早期活动性多发性硬化症(MS)病变可从组织学上分为脱髓鞘的三种主要免疫病理模式(模式I-III),提示病原性异质性并可以预测治疗反应。模式I和II显示了免疫介导的脱髓鞘的迹象,但只有模式II与抗体/补体沉积有关。在III型病变中,包括Baló's同心性硬化,提出了原发性少突胶质细胞损伤。血清抗体反应性可以反映疾病的发病机理,从而区分组织病理学定义的MS模式。我们建立了定制化的微阵列,其中包含700多种肽,它们代表与炎症性脱髓鞘中枢神经系统疾病潜在相关的人和病毒抗原,并测试了66位患者的血清(模式I n = 12; II n = 29; III n = 25,包括8例Baló's病,健康对照,干燥综合征患者和中风患者。对水通道蛋白1(AQP1)和AQP4抗体进行了基于细胞的检测。研究队列中没有单个肽显示出差异结合。由于抗体可以与一种蛋白质中的不同肽发生反应,因此我们还分析了各组肽。与模式I(p = 0.02)和模式III(p = 0.02)相比,具有模式II的患者对Nogo-A肽的反应性明显更高。III型患者显示出对AQP1(与Ip = 0.002,IIP = 0.001模式)和水痘带状疱疹病毒(VZV,相比于IIp = 0.05)具有更高的反应性。与没有Baló's的患者相比,患有Baló's的患者的AQP1反应性也显着更高(p = 0.04),前者显示出独特的抗体特征。组织学上,Baló的患者显示脱髓鞘性病变中AQP1和AQP4缺失,但未检测到结合构象AQP1或AQP4的抗体。

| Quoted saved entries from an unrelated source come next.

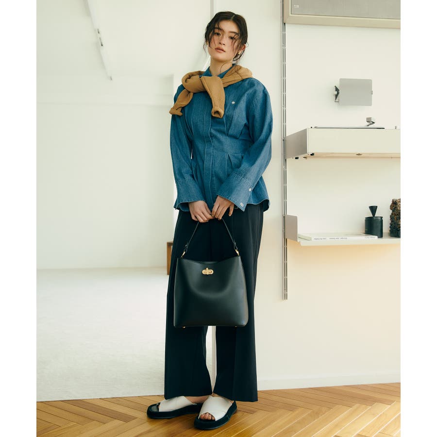 ・ハリのある素材でオンオフで使えるデザインです。
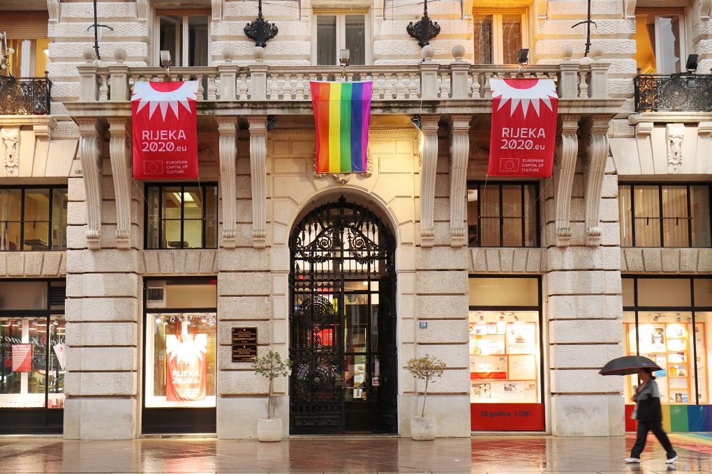 Na zgradi Grada Rijeke istaknuta zastava duginih boja
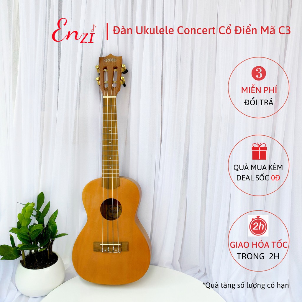 Đàn ukulele concert size 23 mã C3 Enzi kiểu dáng cổ điển khóa xịn, chất lượng âm thanh tuyệt hảo

总之,II型患者对Nogo-A肽的更高反应性可能与轴突修复和髓鞘再生增强有关。III型患者及其Baló患者亚组对AQP1肽的更高反应性可能反映了星形细胞损伤。最后,潜在的VZV感染可能导致外周免疫激活。II型患者对Nogo-A肽的更高反应性可能与增强轴突修复和髓鞘再生有关。III型患者及其Baló患者亚组对AQP1肽的更高反应性可能反映了星形细胞损伤。最后,潜在的VZV感染可能导致外周免疫激活。II型患者对Nogo-A肽的更高反应性可能与增强轴突修复和髓鞘再生有关。III型患者及其Baló患者亚组对AQP1肽的更高反应性可能反映了星形细胞损伤。最后,潜在的VZV感染可能导致外周免疫激活。